** Opening SOURCE RECORDS block **

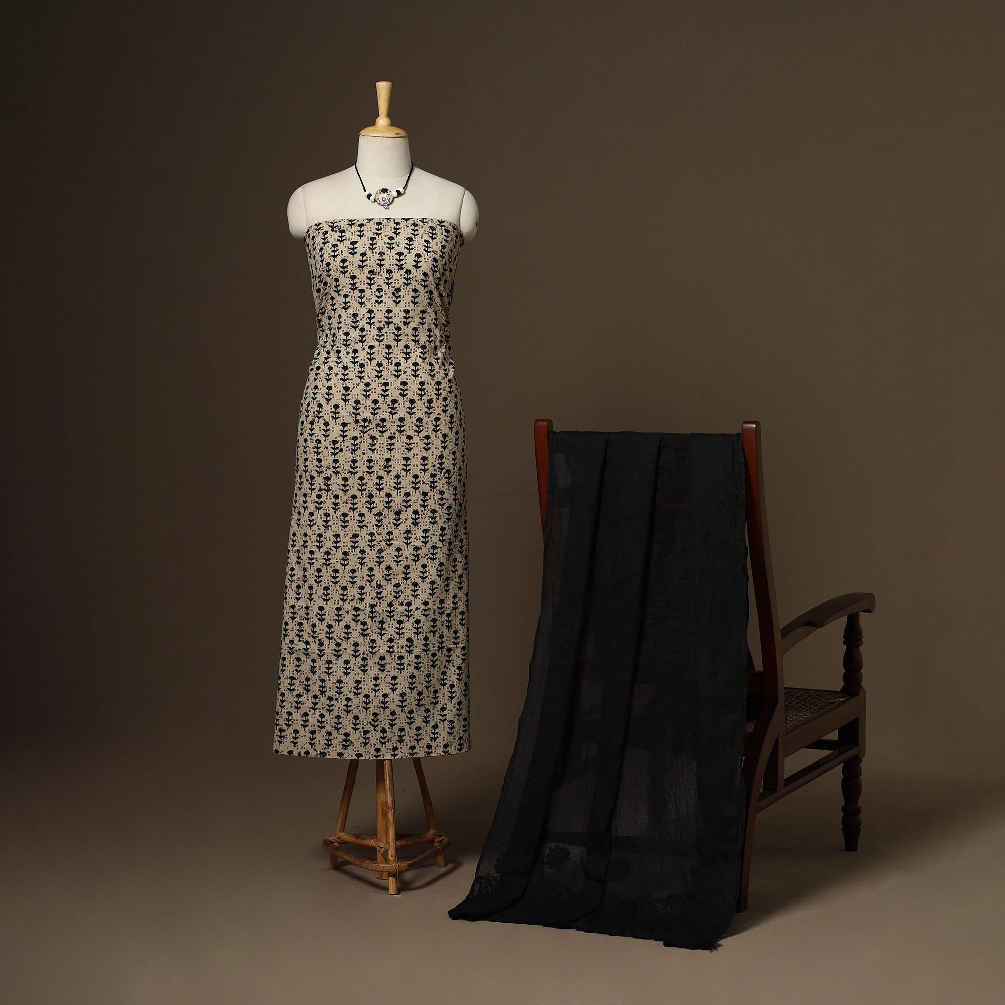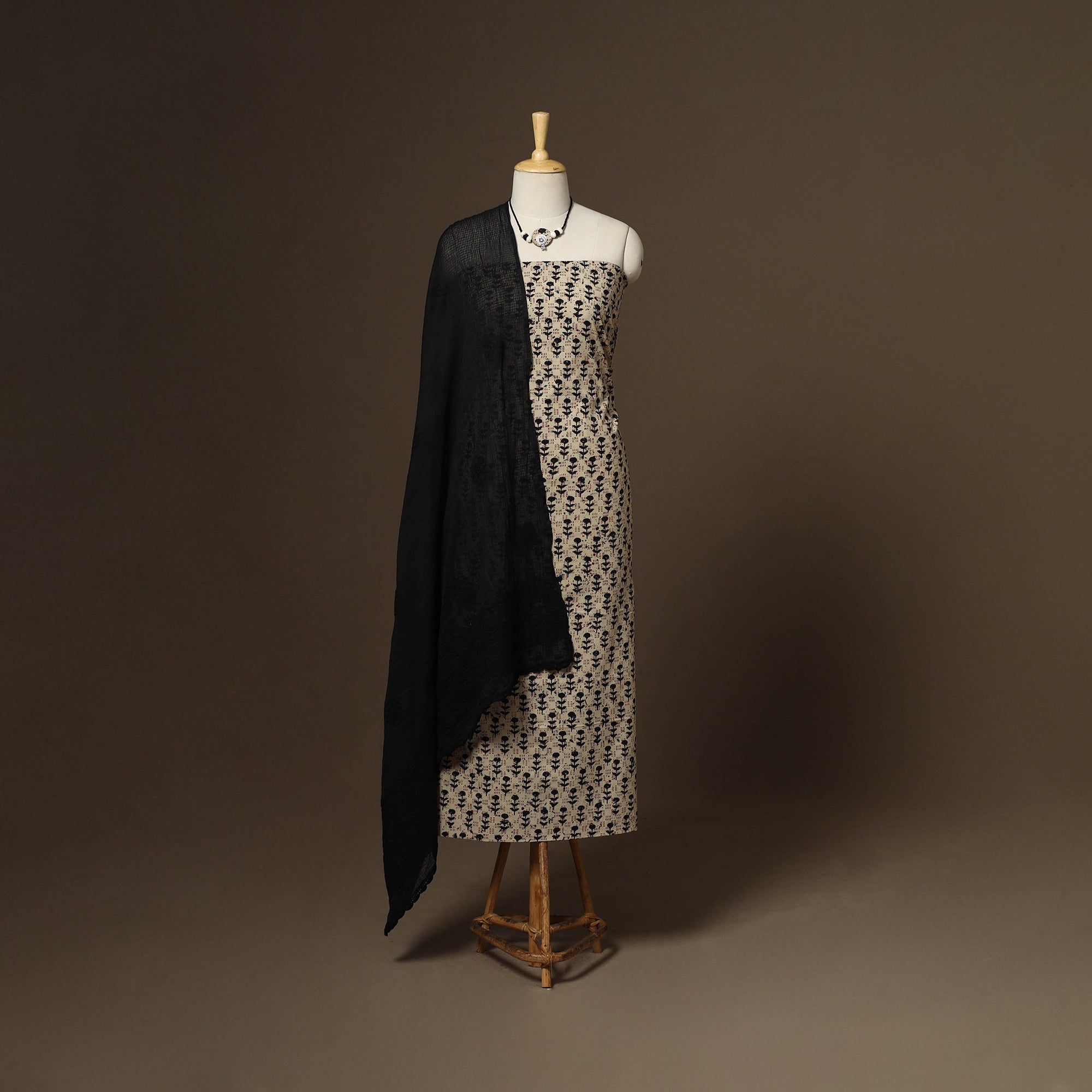 Traditional beige 2pc unstitched dress material set to your wardrobe. It includes a ajrakh block print natural dyed cotton kurta fabric, paired with a lucknowi chikankari hand embroidered kota doria cotton dupatta. The set also comes with a handcrafted necklace and matching earrings to complete your look perfect for festive, events family gatherings or special occasions.
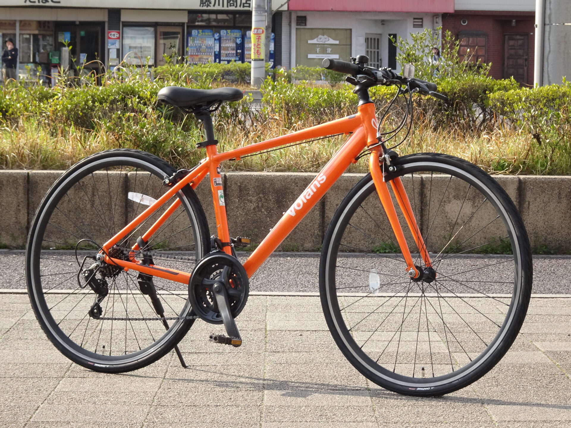 比較的安価なクロスバイク。軽量なアルミフレームに3×7段の変速を搭載しており、性能はお値段以上。
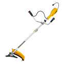 Двигатель: электрический, тип триммера: переносной, мощность электродвигателя: 1400 Вт, режущий элемент триммера: леска и нож, ширина скашивания: 42 см, конструкция штанги: прямая, плечевой ремень, количество колес: нет
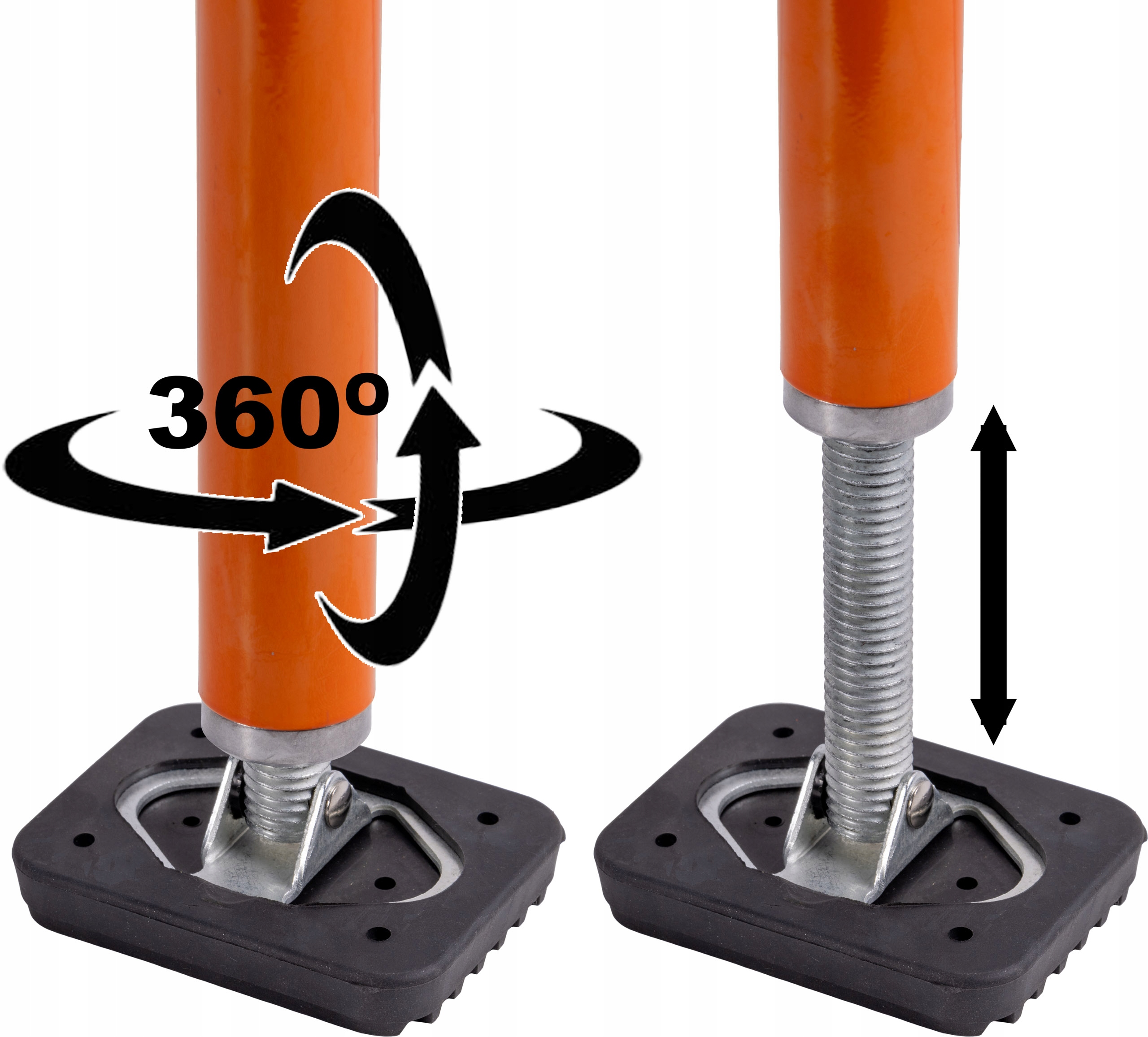 Stopy dociskowe umieszczone na ruchomych przegubach pozwalają na odpowiednie ułożenie i dopasowanie podpory.
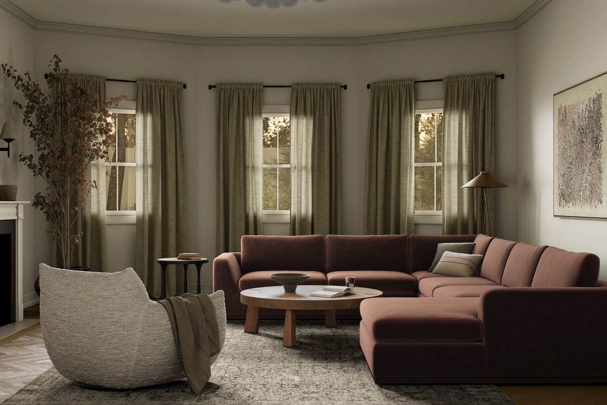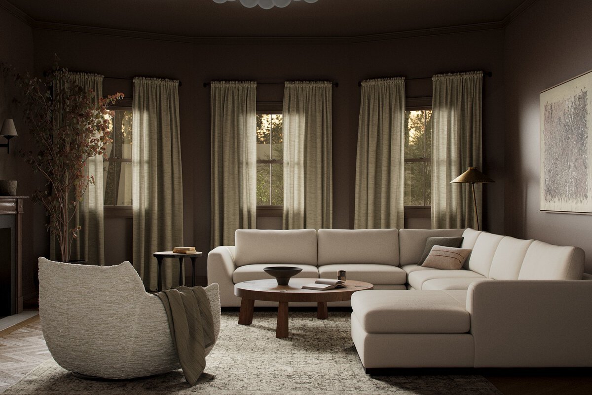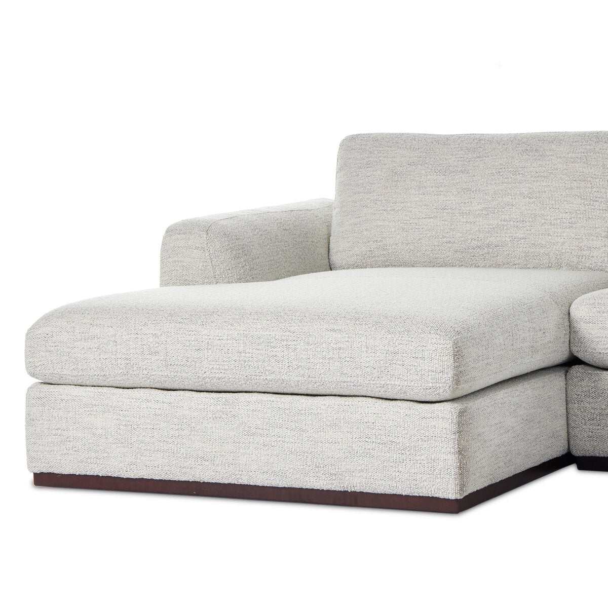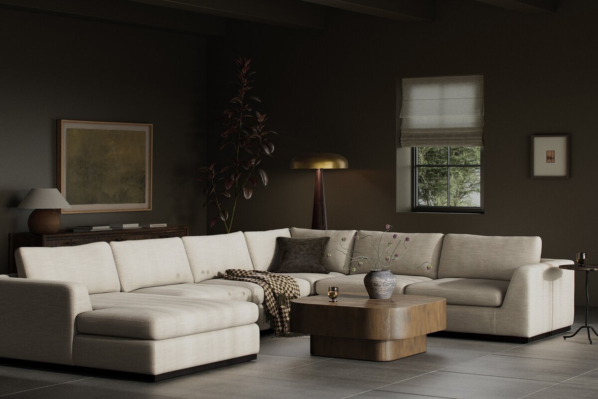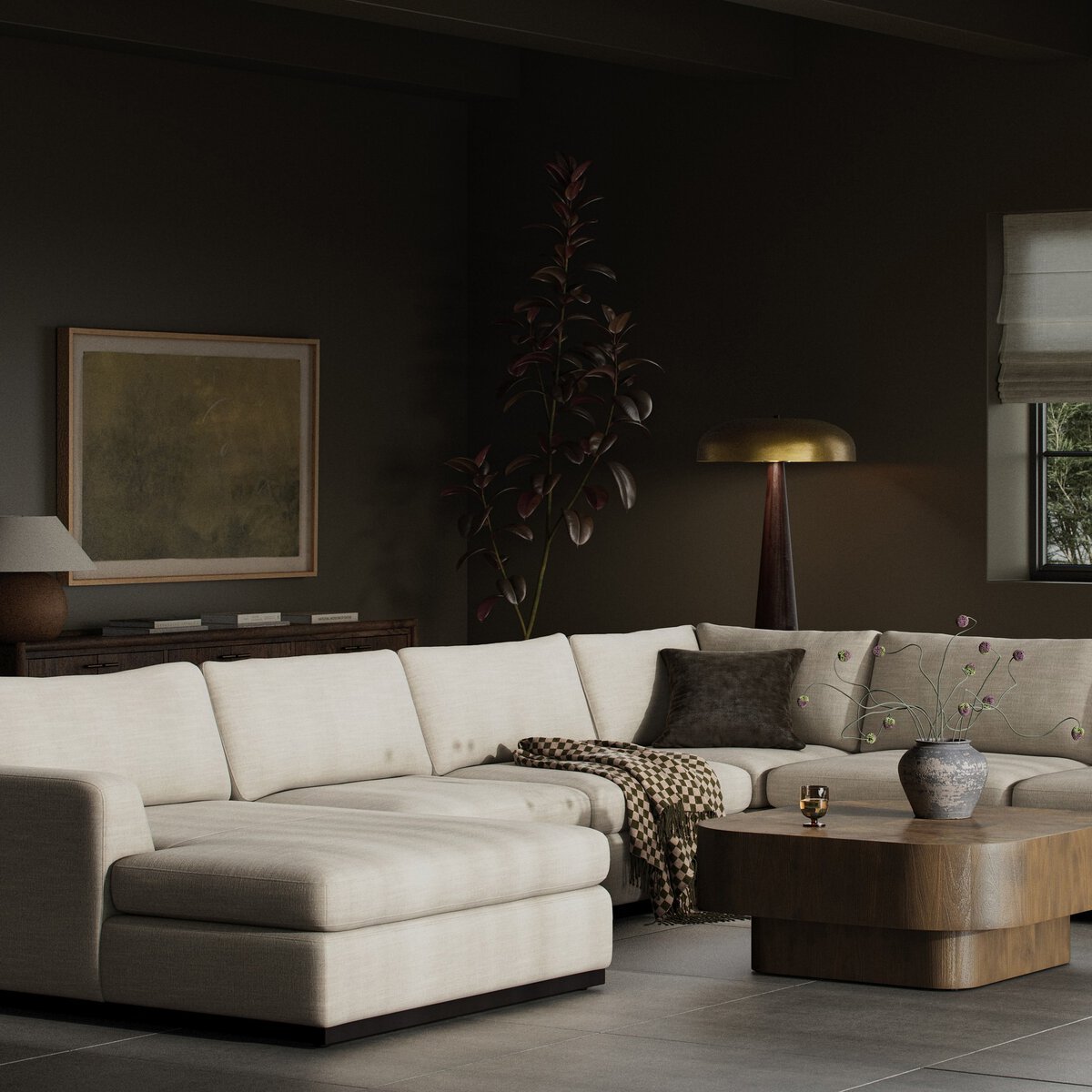 A four-piece sectional is upholstered in Crypton® performance fabric, specially engineered for protection against stains, moisture and odor. Due to the customized nature of made-to-order pieces, no cancellations or returns are accepted.
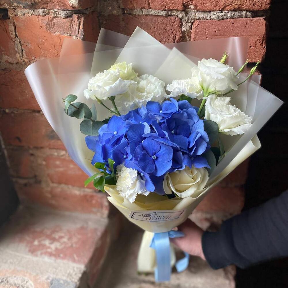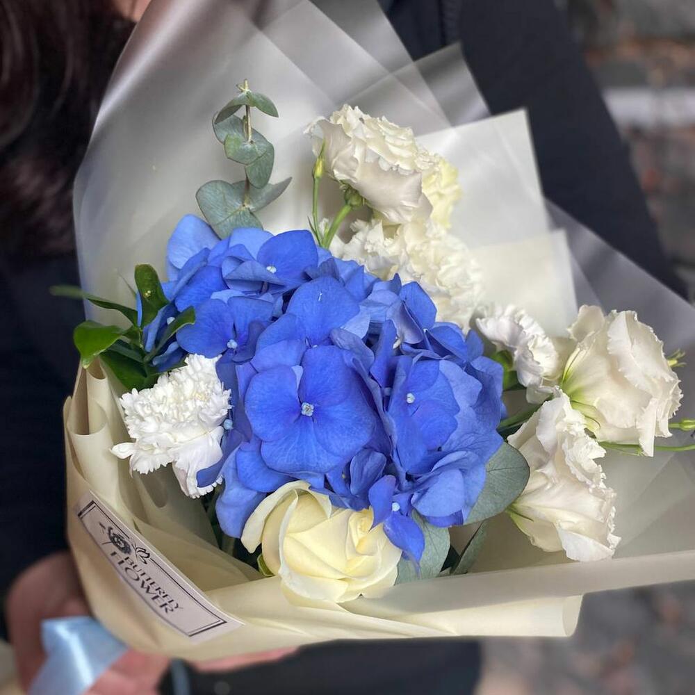Гортензия – 1 шт.Роза белая – 1 шт.Гвоздика – 2 шт.Эустома – 2 шт.Эвкалипт – 2 шт.Упаковка – 2 шт.
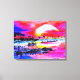 In this mesmerizing painting, I've skillfully captured the exquisite beauty of a radiant sunset, showcasing a breathtaking palette of vivid reds and delicate hints of blue. The sky is adorned with a graceful arc of golden yellow sun, casting a warm, ethereal glow. In the foreground, majestic palm trees stand tall, their silhouettes beautifully contrasting against the vivid hues of the evening sky. Amidst this picturesque setting, fishermen glide peacefully in a canoe, their figures harmonizing with the serene ambiance. This artwork invites viewers into a tranquil world, where nature's splendor and human existence coalesce in a stunning dance of colors and tranquility.
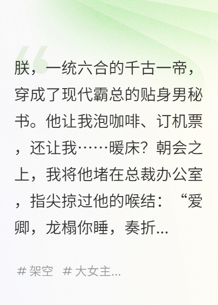 主角分别是【舟祈寒霖】的纯爱,架空,豪门总裁,职场小说《我,古代暴君,穿成霸总贴身男秘》,由知名作家“星空码农”倾力创作,讲述了一段扣人心弦的故事。本站TXT全本,期待您的阅读!本书共计10398字,1章节,更新日期为2025-11-15。该作品目前在本网 【jcwdmf.com】上完结。小说详情介绍:我,古代暴君,穿成霸总贴身男秘
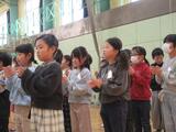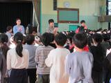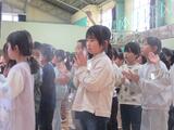 今日は、音楽朝会でした。今日の内容は、みんなでボディパーカッションをやってみようということで、音楽委員の子供たちが見本を見せ、それを見ながら、全員で手をたたいたり、おなかやひざ、肩などをたたいたりして楽しく音を奏でました。音楽委員の5・6年生は進行やボディパーカッションの先導など、大変堂々と行っていました。
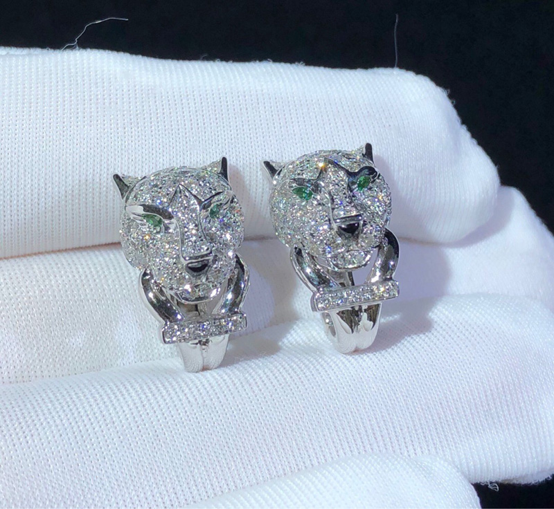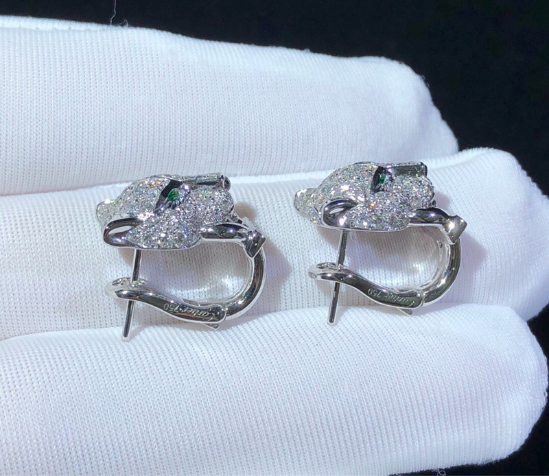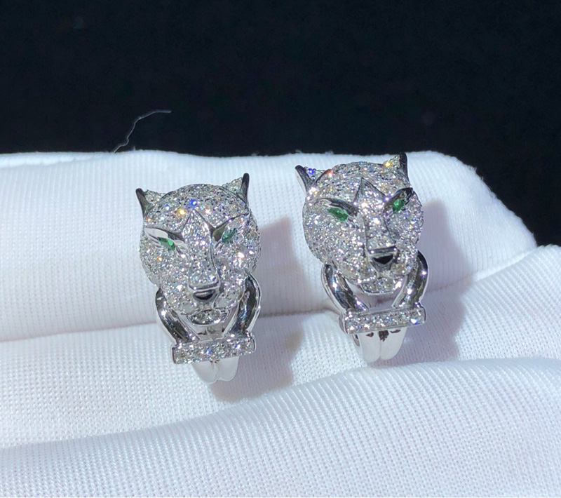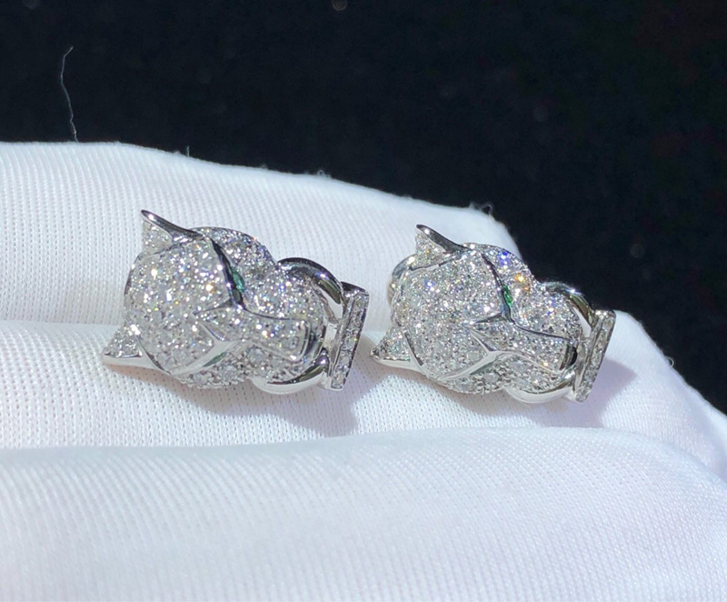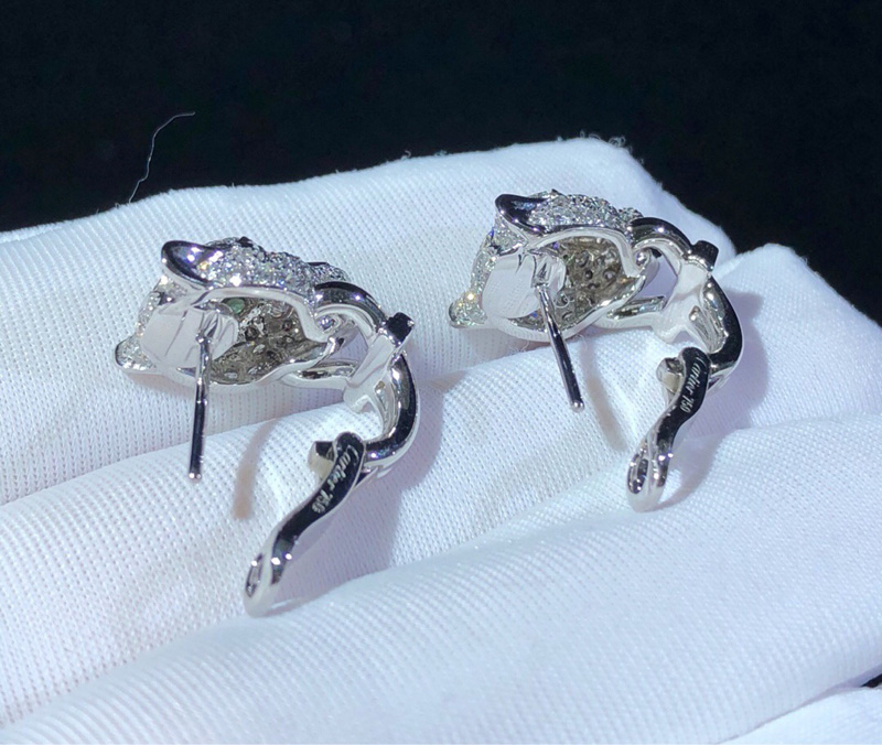 Bông Tai Nữ Panthère De Cartier Kim Cương Tự Nhiên Vàng Trắng 18K Chế Tác

** Closing SOURCE RECORDS block **

**BRIEF**:
An exact copy of the entries, without any pictures, is what the answer should be.

**EXPECTED ANSWER**:
 Traditional beige 2pc unstitched dress material set to your wardrobe. It includes a ajrakh block print natural dyed cotton kurta fabric, paired with a lucknowi chikankari hand embroidered kota doria cotton dupatta. The set also comes with a handcrafted necklace and matching earrings to complete your look perfect for festive, events family gatherings or special occasions.
 比較的安価なクロスバイク。軽量なアルミフレームに3×7段の変速を搭載しており、性能はお値段以上。
 Двигатель: электрический, тип триммера: переносной, мощность электродвигателя: 1400 Вт, режущий элемент триммера: леска и нож, ширина скашивания: 42 см, конструкция штанги: прямая, плечевой ремень, количество колес: нет
 Stopy dociskowe umieszczone na ruchomych przegubach pozwalają na odpowiednie ułożenie i dopasowanie podpory.
 A four-piece sectional is upholstered in Crypton® performance fabric, specially engineered for protection against stains, moisture and odor. Due to the customized nature of made-to-order pieces, no cancellations or returns are accepted.
Гортензия – 1 шт.Роза белая – 1 шт.Гвоздика – 2 шт.Эустома – 2 шт.Эвкалипт – 2 шт.Упаковка – 2 шт.
 In this mesmerizing painting, I've skillfully captured the exquisite beauty of a radiant sunset, showcasing a breathtaking palette of vivid reds and delicate hints of blue. The sky is adorned with a graceful arc of golden yellow sun, casting a warm, ethereal glow. In the foreground, majestic palm trees stand tall, their silhouettes beautifully contrasting against the vivid hues of the evening sky. Amidst this picturesque setting, fishermen glide peacefully in a canoe, their figures harmonizing with the serene ambiance. This artwork invites viewers into a tranquil world, where nature's splendor and human existence coalesce in a stunning dance of colors and tranquility.
 主角分别是【舟祈寒霖】的纯爱,架空,豪门总裁,职场小说《我,古代暴君,穿成霸总贴身男秘》,由知名作家“星空码农”倾力创作,讲述了一段扣人心弦的故事。本站TXT全本,期待您的阅读!本书共计10398字,1章节,更新日期为2025-11-15。该作品目前在本网 【jcwdmf.com】上完结。小说详情介绍:我,古代暴君,穿成霸总贴身男秘
 今日は、音楽朝会でした。今日の内容は、みんなでボディパーカッションをやってみようということで、音楽委員の子供たちが見本を見せ、それを見ながら、全員で手をたたいたり、おなかやひざ、肩などをたたいたりして楽しく音を奏でました。音楽委員の5・6年生は進行やボディパーカッションの先導など、大変堂々と行っていました。
 Bông Tai Nữ Panthère De Cartier Kim Cương Tự Nhiên Vàng Trắng 18K Chế Tác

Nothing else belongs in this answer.